Wenn Sie Ihr BCM nicht aus einer zufälligen Liste von Katastrophen, sondern nachvollziehbar aus Ihren Geschäftsprozessen, Abhängigkeiten und Risiken ableiten möchten, Sprechen Sie mit uns.

Häufig gestellte Fragen

Was ist BCM einfach erklärt?
Business Continuity Management sorgt dafür, dass kritische Geschäftsprozesse bei Störungen weiterlaufen oder innerhalb einer festgelegten Zeit wieder aufgenommen werden können.
Wie findet man die richtigen BCM-Szenarien?
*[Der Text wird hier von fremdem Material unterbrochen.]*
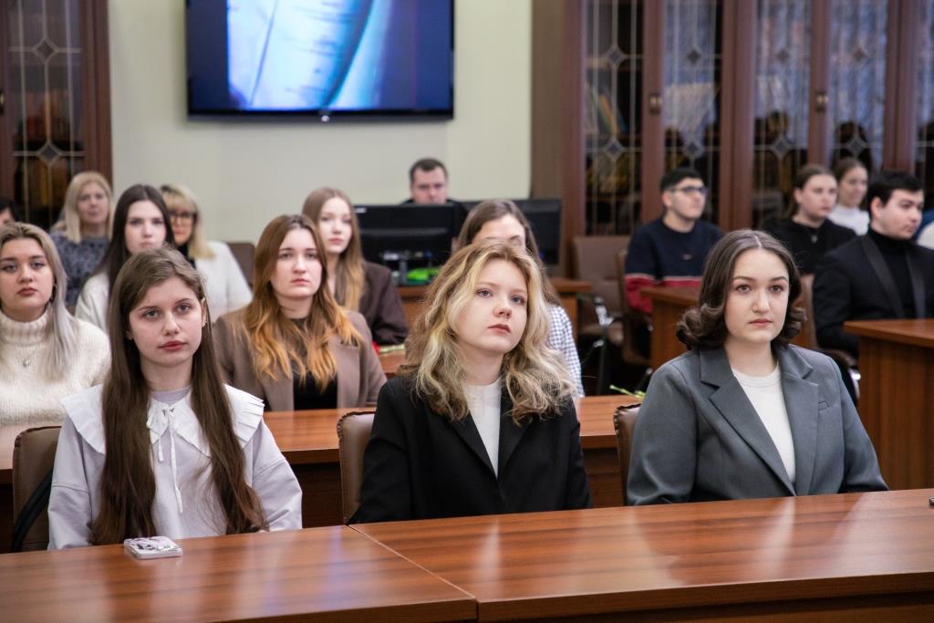 В рамках Часа памяти обучающиеся университета посмотрели документальный фильм, в котором представлены основные вехи биографии И.Г. Петровского. Жизнь ученого на протяжении многих лет была связана с Московским государственным университетом: здесь он прошел путь от студента, аспиранта до доцента, профессора, заведующего кафедрой, декана, ректора. Председатель Совета студентов и аспирантов Мачулин А.Е. и сотрудник экспозиционно-воспитательного центра Минкина И.А. рассказали о личности нашего знаменитого земляка, его увлечениях, основных научных трудах, которые и сейчас находятся в центре внимания ведущих математиков. В ходе встречи обучающиеся познакомились с фотографиями, личными вещами, книгами, которыми в дар университету передала жена ученого О.А. Петровская.
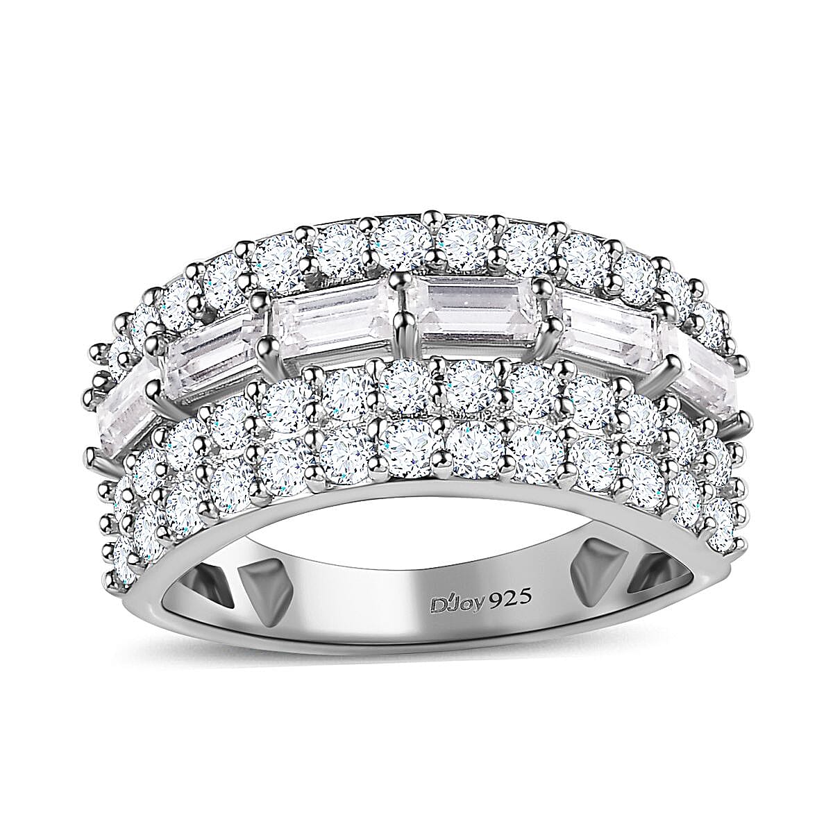 Moissanite Multi Row Layered Band Ring in Platinum Over Sterling Silver (Size 7.0) 1.50 ctw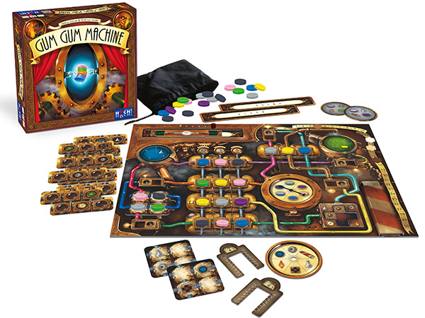 Industrielle Produktion als Thema für ein Brettspiel: das hört sich nach einem eher trockenen und ziemlich ernstem Konstrukt an. Die Gum Gum Machine, die das gesamte Spielbrett mit vielen Rohren und verschiedenen Apparaten einnimmt, ist hingegen eine höchst witzige Angelegenheit. Stefan Dorra und Ralf zur Linde werden bei der Entwicklung dieses Spieles und insbesondere der sehr unterhaltsamen „Betriebsanleitung“ einen Riesenspaß gehabt haben. Was ein Gum-Gum ist? „Es ist das Beste, was ihr euch vorstellen könnt“, ist zu lesen. „Es ist rund, bunt und jeder will es haben.“
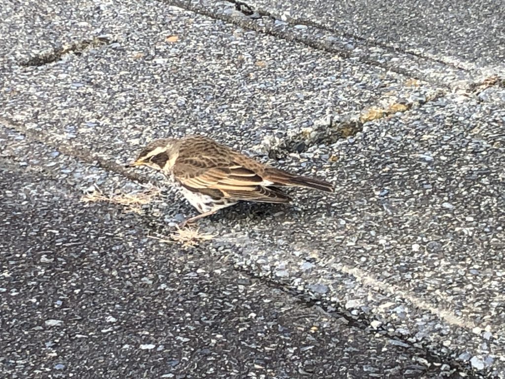 本日午前中に工場で仕事をしているとショールームのガラスに何か当たった音が。外に出てみるとスズメよりも少し大きな鳥が、脳震とうを起こしたのかうずくまっていました。多分ツグミだと思われます。離れた場所から見守っていると無事飛び立っていきました。良かった。野鳥図鑑を買って勉強している店長です。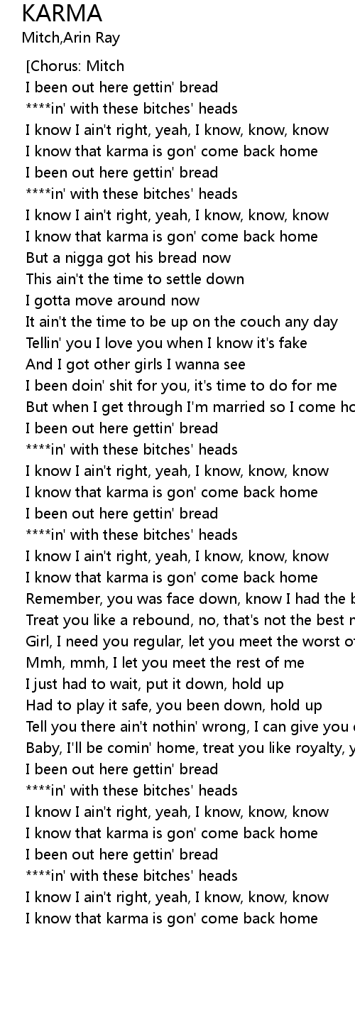 | [00:36.51] | I know that karma is gon' come back home |
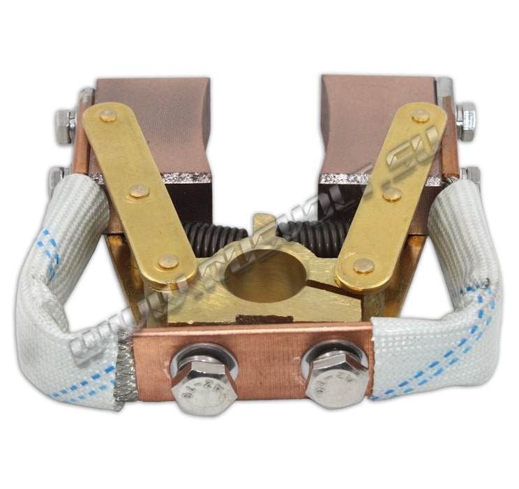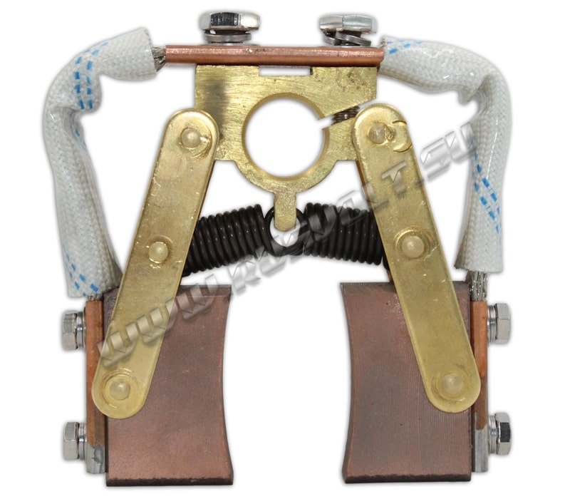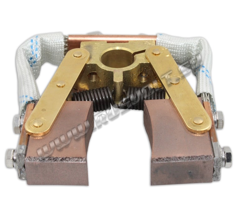Щёткодержатели SKC-RV 20х50 d=20 мм, L=70 мм используются в узлах токосъема вместе с блоками контактных колец. Диаметр отверстия под бракет 20 мм, длина от центра электрощетки до центра отверстия под бракет 70 мм. Сделан частично методом штамповки из листовой латуни, а так же из латунного бруска и состоит из двух шарнирных креплений электрощеток с медными гибкими шинопроводами из медных изолированных проволок по которым осуществляется прохождение тока между электрощетками и болтовым креплением поводков к щеткам. Давление пружин на графитовые щётки передаётся при помощи цилиндрических пружин растяжения (прижимной механизм щеткодержателя) и не регулируется. Сам щеткодержатель подвижный и крепится на круглый бракет (траверсу) и устанавливается на оси токосъемного кольца. В комплекте на выбор идут две импортные меднографитовые электрощетки с шарнирным креплением J164 20х50 мм - более твердые, либо J204 20х50 мм - более мягкие.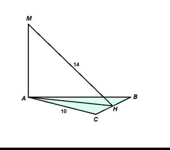 \boldsymbol{MA}=\sqrt{MH^2-AH^2}=\sqrt{14^2-(5\sqrt{3})^2}=\sqrt{196-75}=\sqrt{121}=\boldsymbol{11}MA=MH2−AH2=142−(53)2=196−75=121=11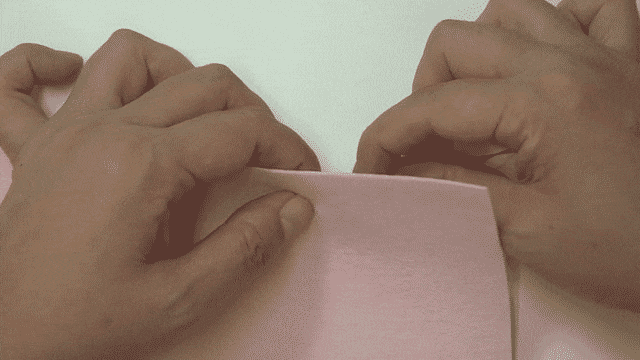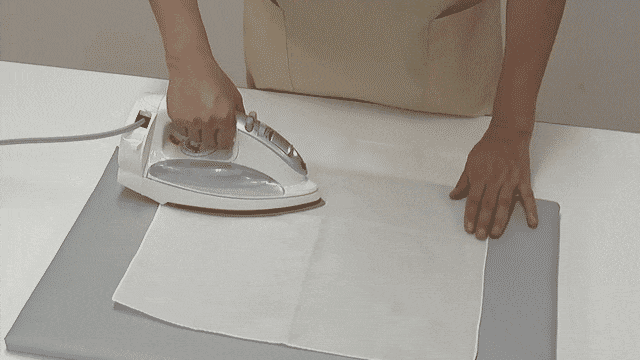ぬいしろの半分とできあがり線でぬのを折る
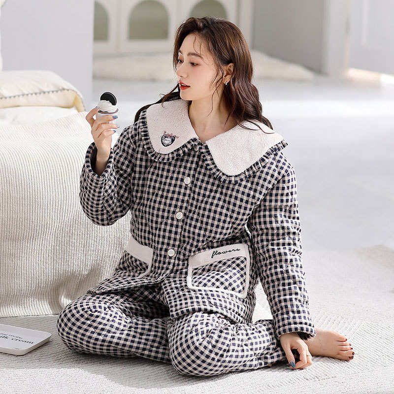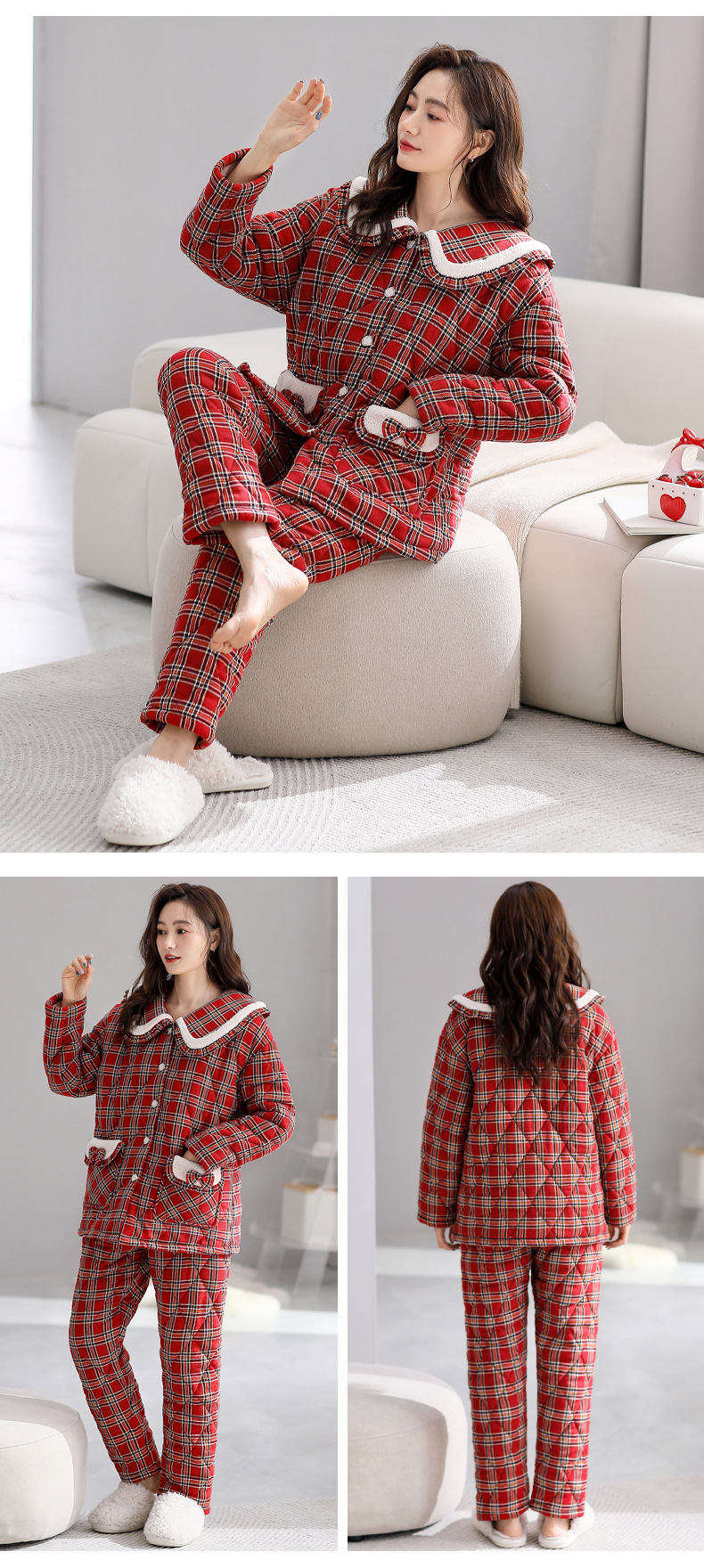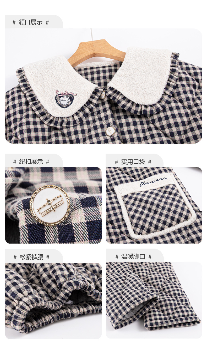 (总)洛兰沙家居馆 2025新款三层保暖女士秋冬家居服翻领长袖长裤套装简约宽松空气棉睡衣软糯,女士保暖千禧格套装-粉色,女士保暖千禧格套装-暮光蓝,女士保暖千禧格套装-奶油黄,女士保暖千禧格套装-紫色,组合图仅供展示不可下单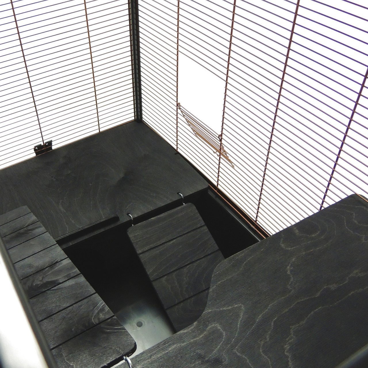 1. We bought this cage as a backup for our two rescue rats. It’s tricky to assemble and flimsy once set up. The top corner brackets get lost as they detach. They immediately peed down the side of it and it stained at the back. It’s sub ideal to hang hammocks from the back grating and the wood in it gets quite stained and wet and is harder to clean than metal with substrate. The shelf on the lower part is too narrow for our big boys who are now 5 and this is their b cage for when we need to move them. but they do love to nest inside it. I would not recommend it for its construction. There are other cages of similar size that are better. The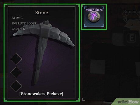 Cuốc xẻng: Rune duy nhất bạn có thể sử dụng trên cuốc xẻng là Miner Shards. Miner Shards có thể có một trong 4 thuộc tính—May mắn có lẽ là thuộc tính tốt nhất vì bạn sẽ có nhiều khả năng tìm thấy quặng hiếm. Hãy thử sử dụng các viên shard May mắn có tỷ lệ gần 16%—nếu bạn ghép 3 viên shard May mắn, mỗi viên 16%, bạn sẽ có tổng cộng 48% May mắn.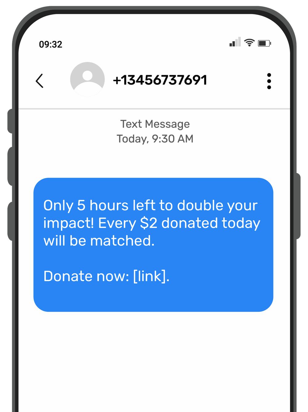Example: “Only 5 hours left to double your impact! Every $2 donated today will be matched. Donate now: [link].”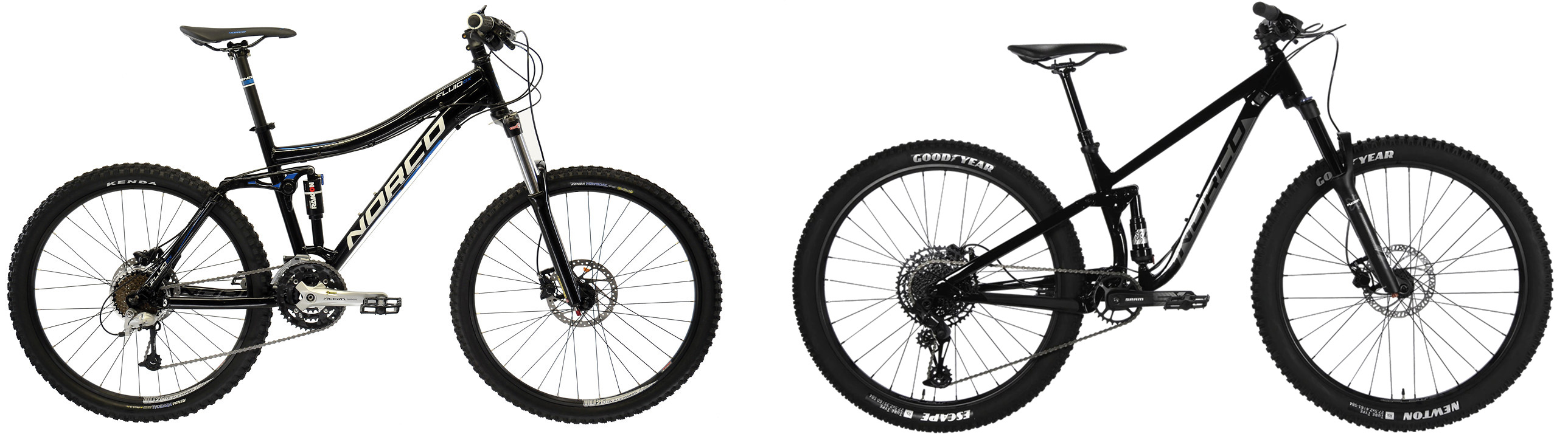 En tout-suspendu, le moins cher qu’on ait pu trouver aujourd’hui est le Norco Fluid FS 3 (27,5″ ou 19″ suivant la taille, 120/130 mmm de débattement), doté de suspensions X-Fusion et d’une transmission Sram SX Eagle pour 1899 €. En 2012 ce modèle précis n’existait pas encore mais le Fluid DX (26″, 140/140 mm) était plus ou moins son équivalent avec ses suspensions SR Suntour Raidon et sa transmission Shimano Acera/Deore. Il se vendait alors pour un peu moins de 1400 €, soit aux alentours de 1650 € aujourd’hui en prix constant. De 1650 € à 1899 €, cela représente une augmentation de 15 % hors inflation. De manière générale, tout ce segment du premier prix tout-suspendu « roulable » (avec de vrais composants de VTT) a augmenté de 300 à 500 € en valeur réelle dans cette période : la plupart des modèles se situent désormais autour des 2000 € alors que c’était plus proche des 1500 € il y a 10-11 ans. Mais il y a aussi eu de belles avancées technologiques à ce niveau, réellement profitables au plaisir de rouler (plus que sur les semi-rigides).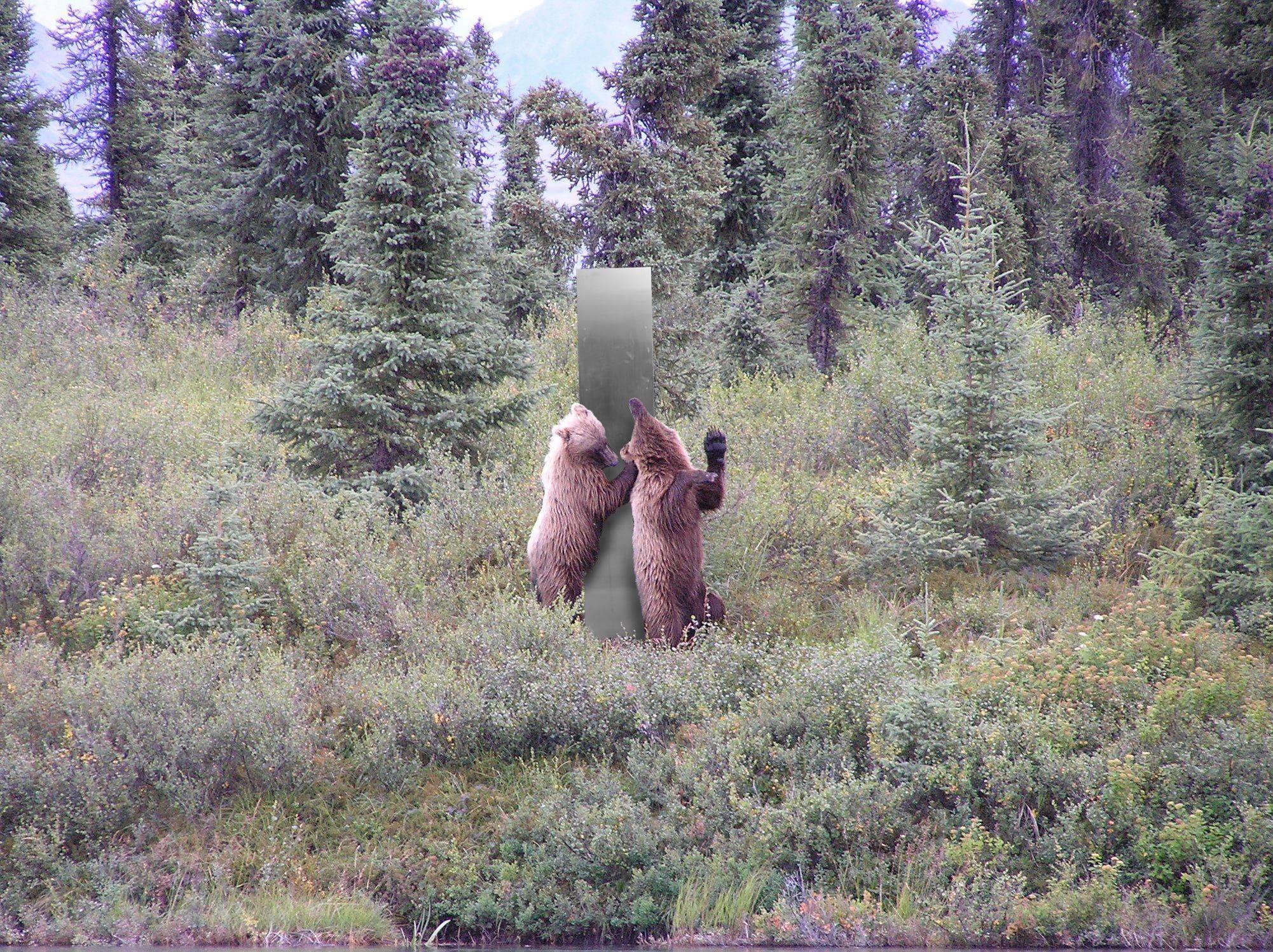 近期在美國和其他國家接二連三出現的「神秘金屬巨碑」引發全世界的關注。美國國家公園管理局(National Park Service,NPS)在官方臉書上po出一張照片,只見兩隻野生熊圍繞在一塊金屬巨碑旁邊,似乎在不停磨蹭。莫非野生動物也對這些神秘出現的金屬巨碑感興趣?
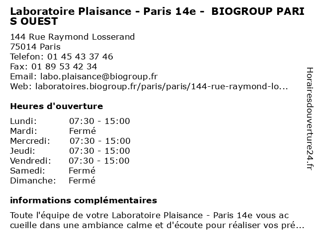 Termes de recherche pour Laboratoire Plaisance - Paris 14e - BIOGROUP PARIS OUEST:paris, laboratoire, ouest, plaisance, 14e, biogroup, dépistages, laboratoire de diagnostic |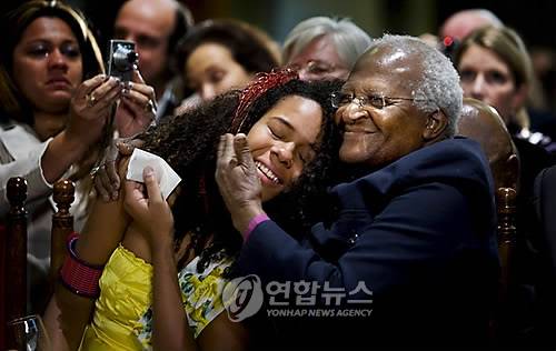 epa01567985 Archbishop Desmond Tutu (R) of Cape Town, South Africa, embraces Mayra Avellar Neves (L), winner of the International Children's Peace Prize 2008 during a official ceremony in the Knighthall (Ridderzaal) in The Hague, The Netherlands on 04 December 2008. Nobel peace prize laureate Desmond Tutu visits The Netherlands for several days. The International Childrens Peace Prize goes to someone who has made a significant contribution to advocating children's rights and improving the situation of vulnerable children. EPA/ROBIN UTRECHT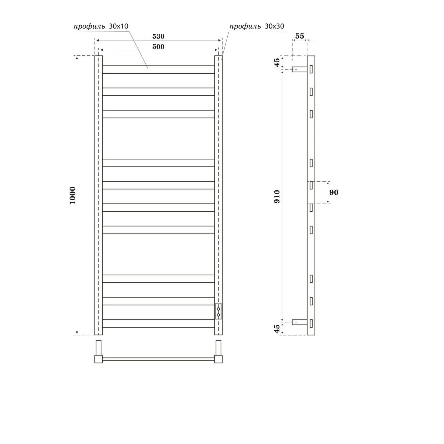 Полотенцесушитель электрический 500x1000 POINT Аврора (PN10850B П10) диммер справа, черный

Beginnen Sie bei den Anforderungen interessierter Parteien. Bestimmen Sie die betroffenen Prozesse und deren Ausfalltoleranz, prüfen Sie die abhängigen Assets und ergänzen Sie allgemeine Störungen, die den Prozess oder mehrere Abhängigkeiten gleichzeitig treffen können.
Was bedeutet Ausfalltoleranz im BCM?
Die Ausfalltoleranz beschreibt, wie lange ein Prozess höchstens unterbrochen sein darf und welches Mindestniveau während einer Störung noch ausreicht. Sie ist die Grundlage für passende Wiederanlaufziele und Ersatzverfahren.
Braucht jedes ausgefallene Asset einen eigenen BCM-Plan?
Nein. Mehrere Ausfallursachen können dieselbe Wirkung auf einen Prozess haben und durch denselben Ersatzbetrieb behandelt werden. Pläne sollten sinnvoll gebündelt und auf die beeinträchtigte Fähigkeit ausgerichtet werden.
Welche Rolle spielt das Risikomanagement beim BCM?
Das Risikomanagement bewertet die gefundenen Ausfallkandidaten und priorisiert sie. So entscheidet das Unternehmen, welche Risiken akzeptiert werden können und welche durch Kontinuitätsmaßnahmen behandelt werden müssen.
Müssen Continuity-Pläne getestet werden?
Ja. Erst eine Übung zeigt, ob Zuständigkeiten, Kontaktdaten, technische Zugänge und Ersatzverfahren tatsächlich funktionieren und die festgelegte Ausfalltoleranz eingehalten werden kann.